Records provided:
------------------------------------

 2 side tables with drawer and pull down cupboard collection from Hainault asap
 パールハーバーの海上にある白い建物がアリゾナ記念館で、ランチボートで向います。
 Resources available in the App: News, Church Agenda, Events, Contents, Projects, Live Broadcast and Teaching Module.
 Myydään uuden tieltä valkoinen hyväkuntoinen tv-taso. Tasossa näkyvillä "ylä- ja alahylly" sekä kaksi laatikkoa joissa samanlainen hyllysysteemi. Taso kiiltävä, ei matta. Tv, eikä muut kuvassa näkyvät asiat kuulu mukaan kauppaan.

------------------------------------

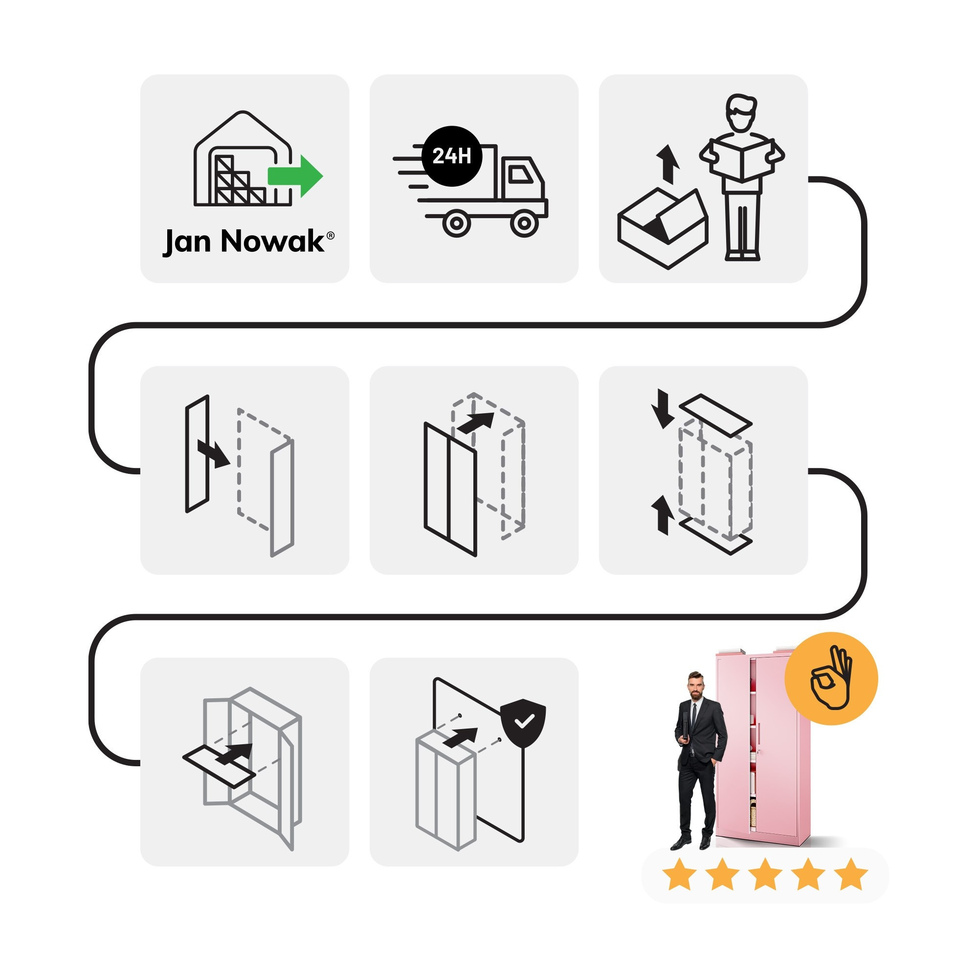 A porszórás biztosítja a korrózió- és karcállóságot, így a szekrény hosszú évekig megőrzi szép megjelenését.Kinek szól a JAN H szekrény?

------------------------------------

Brief:
From the line holding "パールハーバーの海上にある白い建物がアリゾナ記念館で、ランチボートで向います。" to the line holding "Myydään uuden tieltä", inclusive, restate each line above exactly as written.

Solution to this task:
 パールハーバーの海上にある白い建物がアリゾナ記念館で、ランチボートで向います。
 Resources available in the App: News, Church Agenda, Events, Contents, Projects, Live Broadcast and Teaching Module.
 Myydään uuden tieltä valkoinen hyväkuntoinen tv-taso. Tasossa näkyvillä "ylä- ja alahylly" sekä kaksi laatikkoa joissa samanlainen hyllysysteemi. Taso kiiltävä, ei matta. Tv, eikä muut kuvassa näkyvät asiat kuulu mukaan kauppaan.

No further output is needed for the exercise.